Another direction that has been followed in order to attempt to enrich the experience of the listener relates to the attempt to influence directly the mental state of the listener by using the stimulation of specific brainwaves, which work and respond at frequencies that the human ear is unable to pick up.

Brainwave frequency varies depending on the type of activity in which the brain is involved. Scientists commonly divide the waves into four bands, which correspond to four frequency bands and reflect different activities of the brain.

Delta waves are comprised in the range from 0.5 Hz to 4 Hz, correspond to deep sleep and are associated with the deepest mental and physical relaxation.

Theta waves are comprised in the range from 4 Hz to 8 Hz, correspond to drowsiness and to the first stage of sleep and are typical of the mind engaged in imagination, visualization, creative inspiration activities.

Alpha waves are comprised in the range from 8 Hz to 14 Hz, correspond to alert relaxation and are associated with a state of alert but relaxed consciousness.

Beta waves are comprised in the range from 14 Hz to 30 Hz, correspond to a state of alertness and concentration and are associated with ordinary waking activities, when one is concentrated on external stimuli.

On the basis of the phenomenon of resonance, if the brain is subjected to pulses at a given frequency, its natural tendency is to tune to them. For example, if the subject is in the wakeful state and therefore his brain activity is comprised in the beta wave band, and he is subjected for a certain period to a 10-Hz (alpha wave) stimulation, his brain tends to modify its activity in the direction of the received stimulus, thus passing to a state of relaxation which is typical of alpha waves.

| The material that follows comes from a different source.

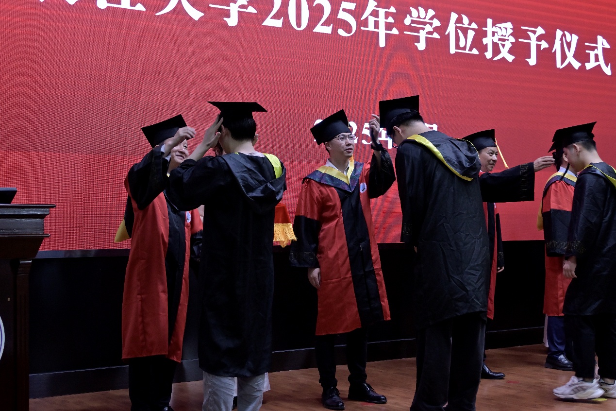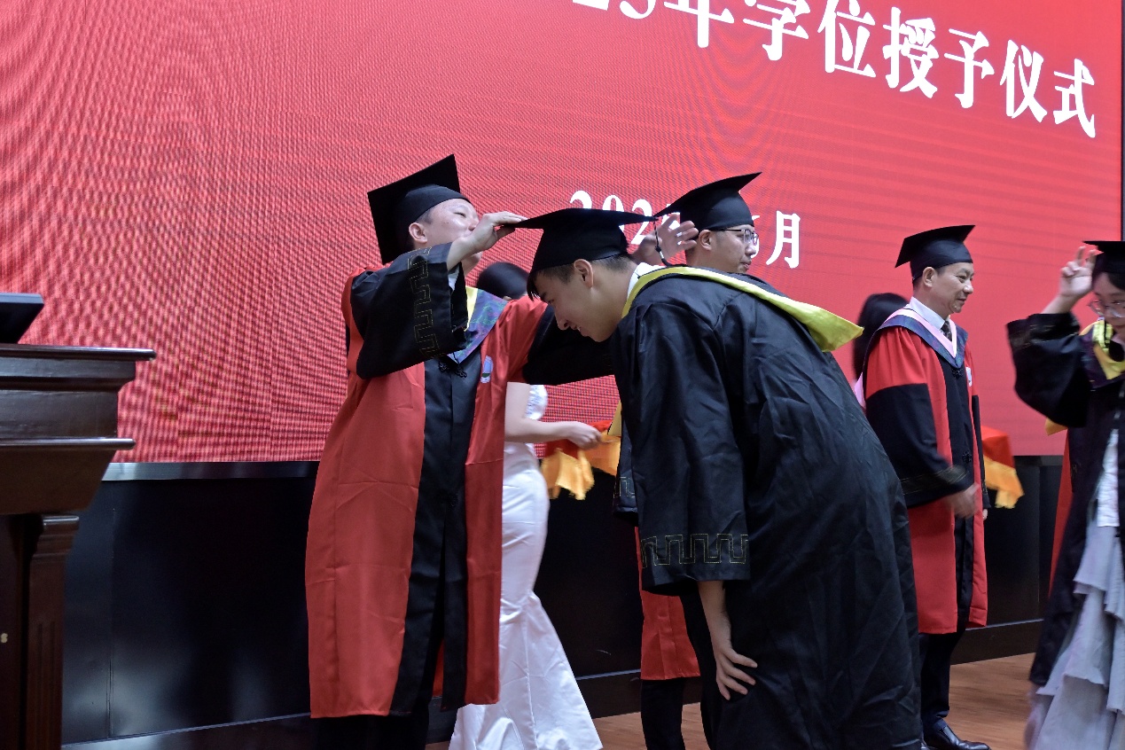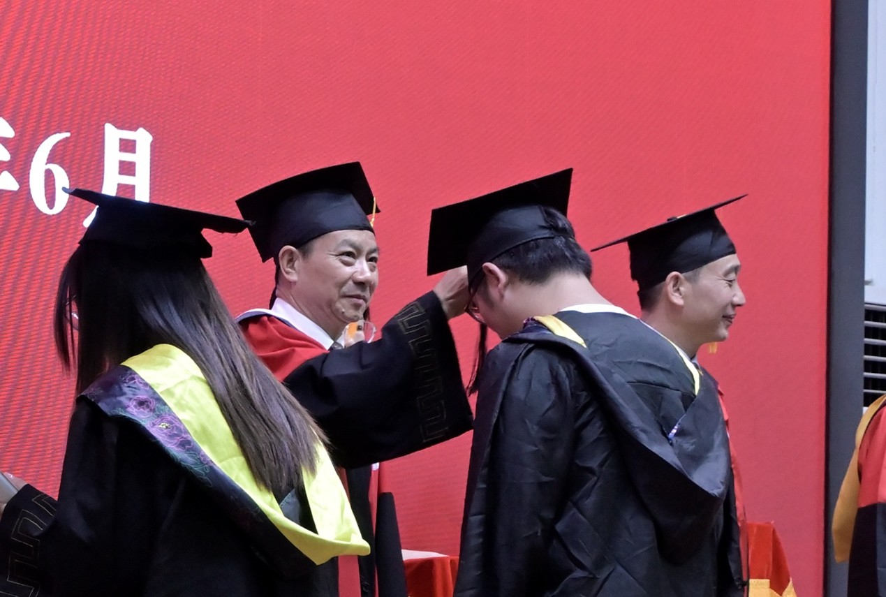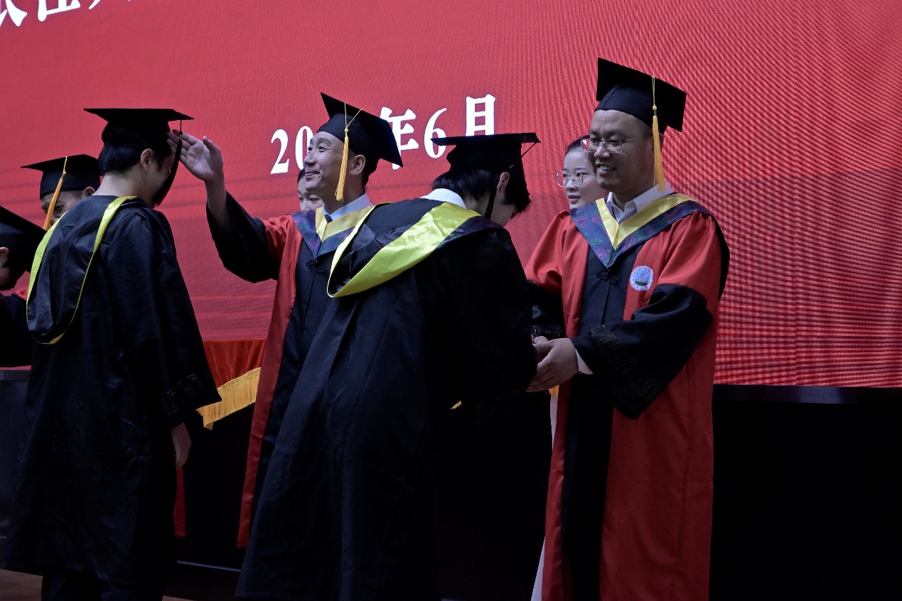 6月16日,学院毕业典礼暨学位授予仪式隆重举行。党委常委、党委组织部部长、党委统战部部长李应军,院长罗明璋,副院长魏勇、蒋涛、周箩鱼,党委副书记张晨露等莅临现场,学院全体辅导员、毕业生家长代表参加典礼,230余名博士、硕士和本科毕业生代表齐聚一堂,在师长亲友的共同见证下,导师们为毕业生逐一拨穗正冠,流苏从右至左的摆动,见证着学子们从青涩到成熟的蜕变,标志着人生新篇章的开启。

Thanks to this phenomenon it is possible to generate sound effects which stimulate brain waves, adopting the theory of biauricular rhythm. According to the teachings of this theory, sound effects which cannot be detected by the human ear but generate a frequency which can be detected by the brain are introduced in any piece of music, so as to induce desirable effects, such as relaxation, anxiety reduction, increased concentration, increased creativity.

In particular, the biauricular rhythm theory states that if the left ear is stimulated with a carrier sound at a frequency f and simultaneously the right ear is stimulated with a carrier sound at a frequency equal to f+Δf, the difference Δf between the frequencies is not perceived by hearing but only at the subconscious level by the brain, which tends to resonate with such frequency.

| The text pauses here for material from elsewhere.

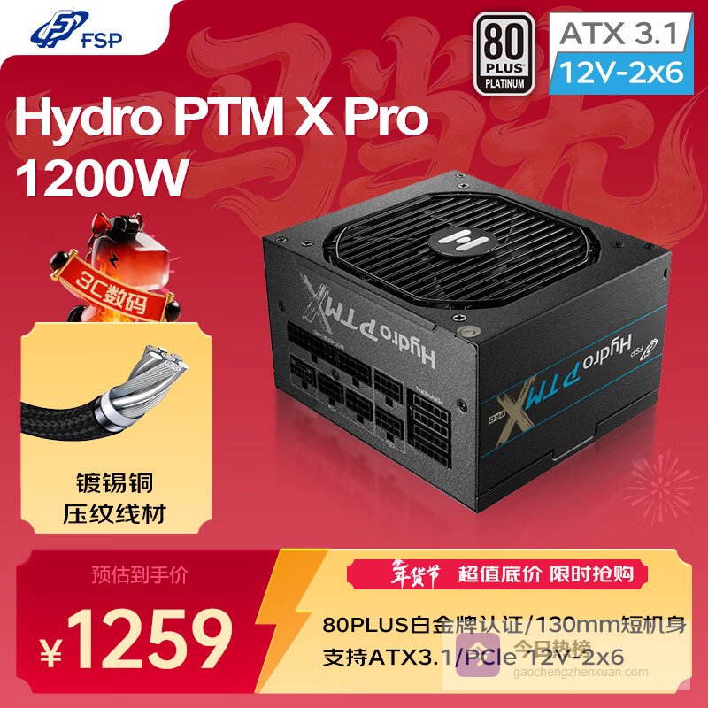 全汉(FSP)Hydro PTM X Pro1200W白金牌全模组电源(ATX3.1/12V-2x6/130mm短机身/全压纹线)¥

For example, if Δf is selected equal to 10 Hz (alpha waves), the brain will tend to resonate with the frequency of 10 Hz and accordingly with the corresponding activity related to relaxation, calmness and tranquillity. In this manner, concentration is enhanced and meditation is facilitated in the listener.

The introduction of electronics and computer technology applied to the music sector has allowed to use these frequencies, conveying them by means of sound waves in order to try to condition the state of mind of a listener. Pieces of music are already commercially available in which backing tracks or accompaniments are inserted which encapsulate this effect. Listening to these pieces of music, especially by means of ordinary stereo headphones, allows to stimulate brain waves in order to provide a feeling of relaxation or excitement.

These effects are typically provided by inserting within a recording some backing tracks, particularly percussions, which are recorded in stereo or two-channel format and in which the frequency of the note recorded on the second channel is shifted by the desired value.

However, it has been observed that the stimulus induced by these recordings according to the background art is not sufficiently high, since the perception of the biauricular accompaniments is often excessively conditioned by the rest of the music or sound played back at that time.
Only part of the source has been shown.